RECORDS FOR PROCESSING>

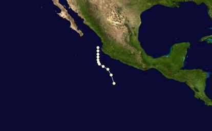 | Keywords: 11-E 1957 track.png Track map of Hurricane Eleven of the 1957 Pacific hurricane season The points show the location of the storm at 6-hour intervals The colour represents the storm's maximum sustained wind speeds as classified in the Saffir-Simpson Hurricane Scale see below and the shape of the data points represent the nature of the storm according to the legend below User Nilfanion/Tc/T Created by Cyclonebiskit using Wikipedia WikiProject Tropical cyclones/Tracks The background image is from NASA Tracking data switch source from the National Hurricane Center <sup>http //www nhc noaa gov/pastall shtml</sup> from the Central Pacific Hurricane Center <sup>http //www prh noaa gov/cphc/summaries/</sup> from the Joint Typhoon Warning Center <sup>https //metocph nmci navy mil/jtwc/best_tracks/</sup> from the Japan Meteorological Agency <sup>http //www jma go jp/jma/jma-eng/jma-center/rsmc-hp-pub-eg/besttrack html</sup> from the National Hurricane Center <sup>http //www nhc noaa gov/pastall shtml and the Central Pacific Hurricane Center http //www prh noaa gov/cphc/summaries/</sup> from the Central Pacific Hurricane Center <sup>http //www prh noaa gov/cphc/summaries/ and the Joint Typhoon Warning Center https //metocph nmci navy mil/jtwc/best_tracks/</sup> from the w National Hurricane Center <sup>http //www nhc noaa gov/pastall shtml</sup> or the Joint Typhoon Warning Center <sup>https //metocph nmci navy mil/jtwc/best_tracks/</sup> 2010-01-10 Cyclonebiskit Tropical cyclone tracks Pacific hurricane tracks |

* * *

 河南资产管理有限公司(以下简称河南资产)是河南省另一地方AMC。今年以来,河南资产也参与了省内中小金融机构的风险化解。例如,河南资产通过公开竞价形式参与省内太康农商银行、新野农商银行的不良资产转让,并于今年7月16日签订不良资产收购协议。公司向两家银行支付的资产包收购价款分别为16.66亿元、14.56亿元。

---

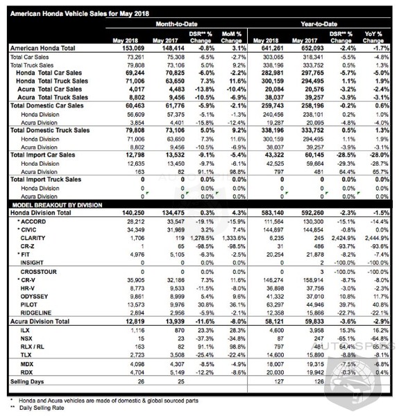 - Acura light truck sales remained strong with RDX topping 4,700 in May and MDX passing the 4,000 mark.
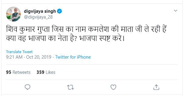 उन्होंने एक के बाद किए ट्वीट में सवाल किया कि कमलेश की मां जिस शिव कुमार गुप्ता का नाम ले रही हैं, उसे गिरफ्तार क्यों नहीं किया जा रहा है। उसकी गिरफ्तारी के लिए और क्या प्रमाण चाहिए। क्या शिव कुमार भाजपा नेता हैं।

YOUR INSTRUCTIONS> Once the line with "- Acura light" is found above, transcribe each line from it through the line with "उन्होंने एक के", exactly, and omit the pictures.

RESULT OF THIS EXERCISE>
 - Acura light truck sales remained strong with RDX topping 4,700 in May and MDX passing the 4,000 mark.
 उन्होंने एक के बाद किए ट्वीट में सवाल किया कि कमलेश की मां जिस शिव कुमार गुप्ता का नाम ले रही हैं, उसे गिरफ्तार क्यों नहीं किया जा रहा है। उसकी गिरफ्तारी के लिए और क्या प्रमाण चाहिए। क्या शिव कुमार भाजपा नेता हैं।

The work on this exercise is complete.